Lead validation is the process by which sales leads generated by internet marketing campaigns are separated from other types of conversions. Lead validation is crucial for effective internet marketing management; without it, companies can neither accurately evaluate the results of, nor efficiently improve, their SEO, PPC, display advertising, email, content marketing and social media campaigns.

==Definitions==
Three other terms are particularly important to any discussion of lead validation:

1. Conversion. A conversion (also referred to as an inquiry) is a response to an Internet marketing campaign, such as an online form being submitted, content being downloaded, or a phone call being placed. A conversion is not the same as a sales lead. A conversion could be a prospect inquiring about a company's products or services — but it could also be a customer lodging a complaint, a sales solicitation or some other non-sales related communication.
2. Conversion Rate. The conversion rate of an Internet marketing campaign is the number of website visitors who complete a desired action, divided by the total number of visitors. For example, if 10,000 visitors come to a PPC landing page and 500 submit the page's inquiry form, the conversion rate is 5 percent.
3. Validated Conversion Rate. The validated conversion rate is the net conversion rate after the lead validation process has removed non-sales lead inquires. So, returning to the example above (see Conversion Rate), if 10,000 visitors come to a PPC landing page, 500 submit the page's inquiry form, and 300 of those are true sales leads, the validated conversion rate of the campaign is 3 percent.

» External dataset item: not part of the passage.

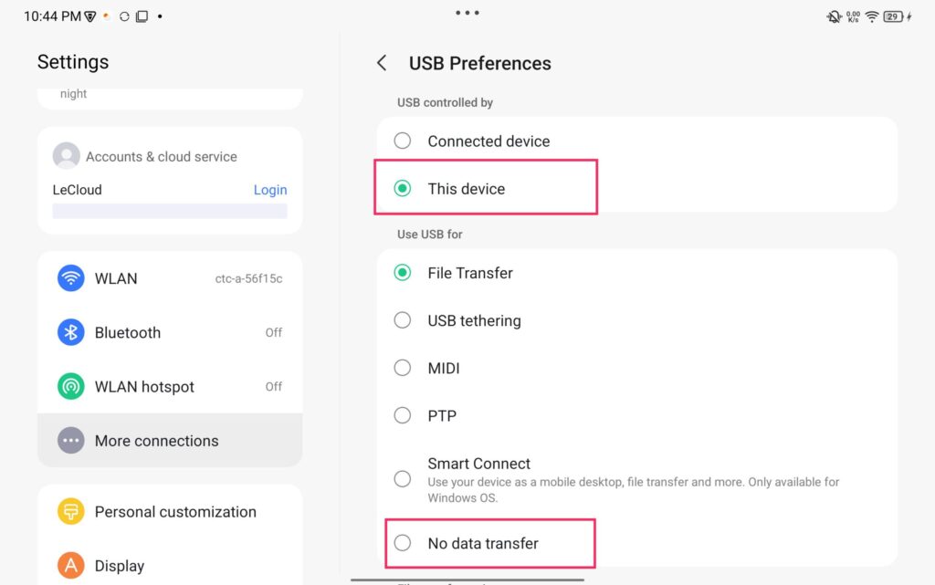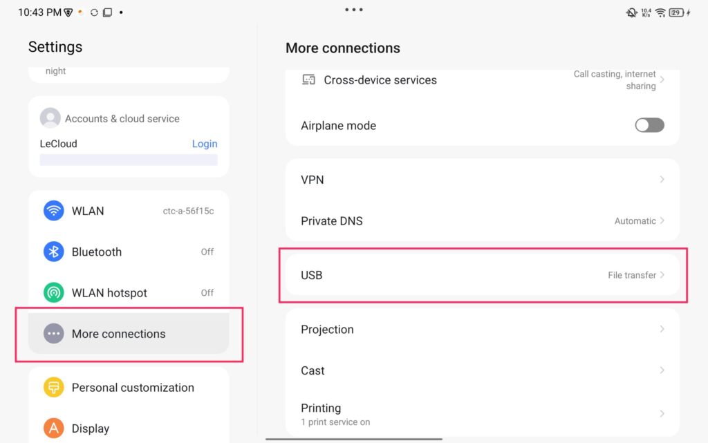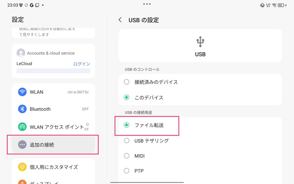 次に設定画面の「More connections」>「USB」と進みます。

In the examples cited above, the importance of lead validation becomes clear: Without lead validation, the PPC advertiser will assume it has received 200 leads (500 inquiries versus 300 validated leads) that do not, in fact, exist. This serious flaw in analytics causes several marketing- and business-related problems.

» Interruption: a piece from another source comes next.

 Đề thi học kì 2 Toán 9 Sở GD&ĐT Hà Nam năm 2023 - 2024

==Methods of Generating Leads Online==
Companies have several options for online lead generation, each with its own campaign structures, metrics, and best practices. The most important and typically most effective options are as follows:

- SEO (Search engine optimization) focuses on making a company's online content as visible as possible in organic search results on platforms like Google and Bing for queries related to its products and services. Since Google withholds organic keyword data from webmasters, accurate conversion analysis has become increasingly important in structuring SEO campaign tracking, as it provides more meaningful insights than ranking data alone.
- PPC (Pay-per-click advertising) aims to display advertisements prominently on search engines for queries relevant to a company's offerings. Many PPC campaigns are primarily or entirely focused on immediate lead generation, which makes the collection of accurate conversion data essential for assessing performance.
- Display advertising seeks to present ads on web pages either based on users' past behavior or on websites with audiences relevant to the advertiser. Common forms include retargeting, contextual targeting, and site targeting. Display campaigns may target short-term lead generation, longer-term brand-building objectives, or a combination of both.
- Email marketing is used in various ways to reach new customers and strengthen relationships with existing ones. Consumer-focused businesses often use email content for direct lead generation, while B2B companies also rely on it for purposes such as sharing information and establishing credibility.
- Content marketing involves the publication and distribution of content online (and sometimes offline) with the primary goal of lead generation. It is frequently used to build a house mailing list by offering high-quality downloadable content as a secondary offer. In many cases, content marketing also supports indirect lead generation by publishing valuable material without a direct call to action, with the expectation that its usefulness will attract prospects and referrals over time.
- Social media marketing includes a company's active engagement on one or more social media platforms. While objectives can vary and do not always include lead generation, social media can be highly effective in that area when the company's audience is large enough, properly targeted, and actively engaged.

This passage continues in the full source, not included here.